The opening sentence from this week's release of the Fed's Beige Book* echoes the story we've been telling of late. That is, recession risk remains low, but growth is slowing:
"Economic activity grew at a modest to moderate rate, according to the majority of Federal Reserve Districts. Several Districts noted, however, that the pace of growth slowed this period, constrained by supply chain disruptions, labor shortages, and uncertainty around the Delta variant of COVID-19."
That's a setup that has the term "stagflation" (rising inflation amid a stagnating economy) finding its way into a few narratives.
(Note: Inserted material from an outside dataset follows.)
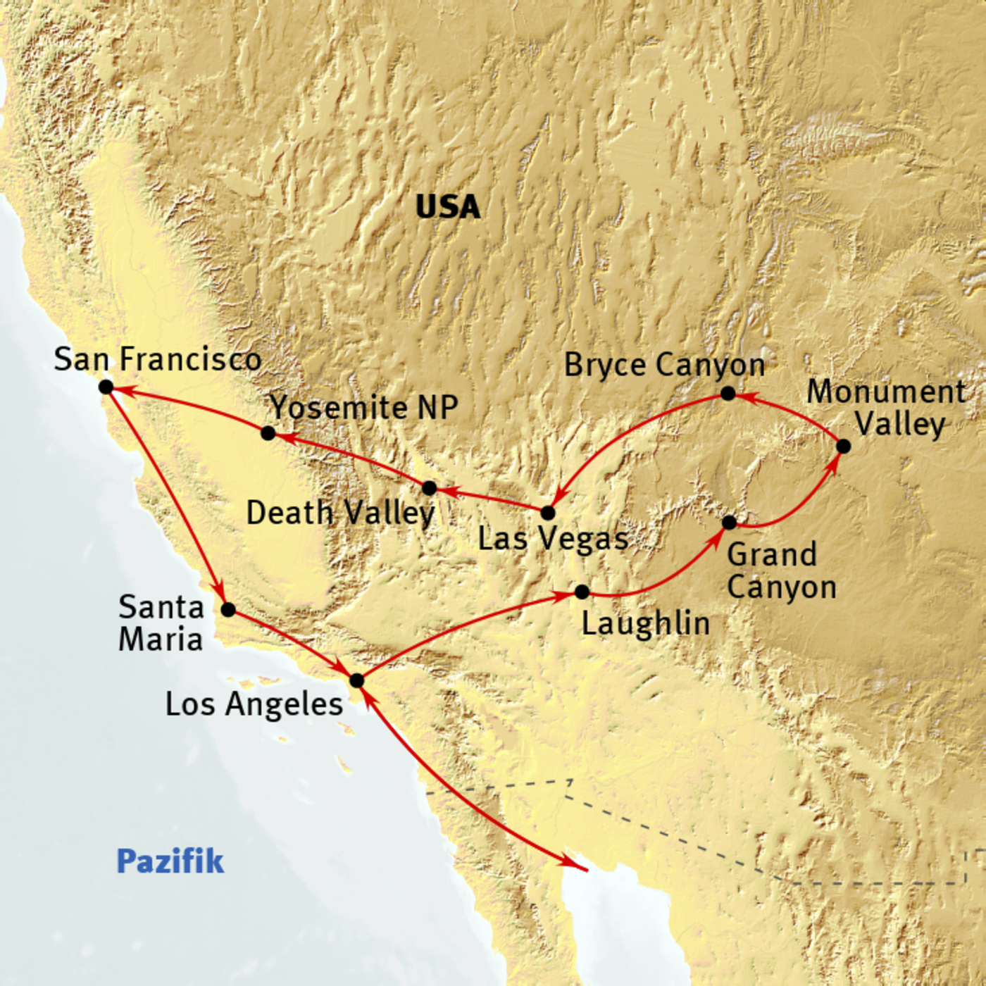 - dazu die faszinierenden Metropolen Los Angeles, Las Vegas und San Francisco
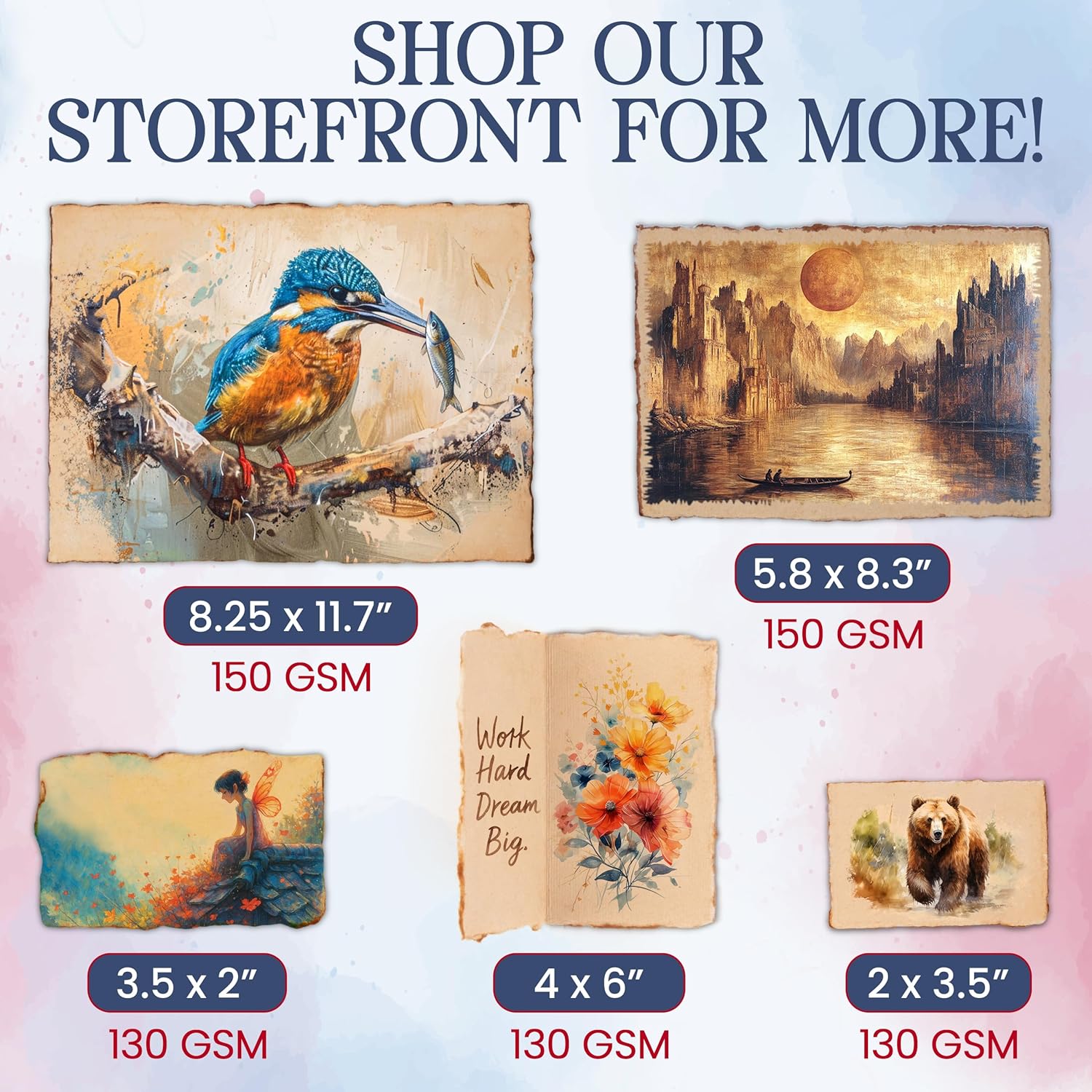 - [A Canvas for Every Creator]: Whether you’re working with lighter art mediums or tackling more substantial projects, we offer the perfect paper for your creative needs. This versatile externally sized vintage deckle paper provides the ideal balance of flexibility and strength for lighter projects. Available separately, our internally and externally sized watercolor paper delivers the durability needed for heavier media. Choose the right paper to bring your artistic vision to life

We won't go there just yet, but, sure, it's a risk...
These two graphs, for the moment, argue that risk:
The Atlanta Fed GDP Nowcast ("GDPNow forecasting model provides a "nowcast" of the official estimate prior to its release by estimating GDP growth using a methodology similar to the one used by the U.S. Bureau of Economic Analysis):
Consumer Price Index:
"It is only when we begin to interpret, to translate according to our conditioning, according to our prejudice, that we miss the truth. After all, it is like research. To know what something is, what it is exactly, requires research—you cannot translate it according to your moods."
*Commonly known as the Beige Book, this report is published eight times per year. Each Federal Reserve Bank gathers anecdotal information on current economic conditions in its District through reports from Bank and Branch directors and interviews with key business contacts, economists, market experts, and other sources. The Beige Book summarizes this information by District and sector. An overall summary of the twelve district reports is prepared by a designated Federal Reserve Bank on a rotating basis.